Babası ile kapı önünde beklerken asansörden heyecanla gülümseyen annesi ve elini sıkıca tuttuğu küçük bir çocuk çıkmıştı. Çocuk yere bakarak yürüdükten sonra kafasını kaldırıp karşısındaki insanlara baktı.

"Hoş geldin bakalım minik bey, gel geç içeri." Bay Hwang elini Jeonginin saçlarına koyup karıştırdıktan sonra içeri geçmeleri için kenara çekildi.

Jeongin cevap vermeden durmaya devam ediyordu. Kapının önünde kafasını kaldırması dışında gözlerini adla yerden ayırmıyordu. Annesi babasına salonu işaret ettikten sonra hepsi salona geçmişti.

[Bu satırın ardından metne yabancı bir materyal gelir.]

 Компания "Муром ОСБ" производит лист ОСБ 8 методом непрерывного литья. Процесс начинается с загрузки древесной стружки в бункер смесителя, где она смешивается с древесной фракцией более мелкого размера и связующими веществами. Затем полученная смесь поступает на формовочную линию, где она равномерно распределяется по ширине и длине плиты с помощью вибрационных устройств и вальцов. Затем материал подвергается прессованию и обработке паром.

Hyunjinin annesi Jeonginin ellerini bir an olsun bırakmıyordu, koltuğa oturdukları halde ellerini tutmaya devam ediyordu.

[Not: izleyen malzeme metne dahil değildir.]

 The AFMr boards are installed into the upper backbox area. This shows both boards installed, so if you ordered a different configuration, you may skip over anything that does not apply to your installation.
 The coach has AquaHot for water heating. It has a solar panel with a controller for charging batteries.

"Bak Jeongin, biz artık seninle bir aile olduk tamam mı? Burası artık seninde bir evin. Hyunjin sana çok iyi bir abilik yapar, birlikte oyunlar oynarsınız olur mu? Tabii ki senin için çok zor, senden hemen isteyebileceğim şeyler değil bunlar ama bize anne baba diyebilirsin olur mu? Söz veriyorum sana, seni mutlu etmek için elimizden geleni yapacağız." Annesi gülümseyip Jeongine bakarken Jeongin hâlâ gözlerini yerden ayırmıyordu. Hyunjin babasının yanından aniden kalkarak Jeonginin yanına doğru yaklaştı.

"Sana odanı göstereyim mi?" Hyunjin elini Jeongine uzatmıştı. Jeongin yavaşça kafasını kaldırıp Hyunjinin gözlerinin içine bakmıştı. Hyunjin karşısındaki çocuğun gözlerinin parladığını fark etmişti, o kadar güzel gözlere sahipti ki yıldızlardan daha parlak olduğuna yemin edebilirdi. Jeongin çekingen bi şekilde elini kaldırıp Hyunjinin ellerini tutmuştu, Hyunjin sıcacık eli kavrayıp kaldırmıştı ve heyecanla odaya doğru götürmüştü.

"Ta daa! Burası ikimizin odası, yani senin de odan. Bak çok geniş istediğimiz kadar oyun oynayabiliriz, eminim çok mutlu olursun. Ayrıca yatmadan önce yastık savaşı da yaparız ne dersin? Hangi yatak senin olsun, sağ taraf mı sok taraf mı?"

Hyunjin Jeongine odayı tanıtıyordu ama Jeongin sanki hiç bir şey anlamıyor gibiydi. Boş gözlerle etrafa kısaca baktıktan sonra geri kafasını yere çevirmişti.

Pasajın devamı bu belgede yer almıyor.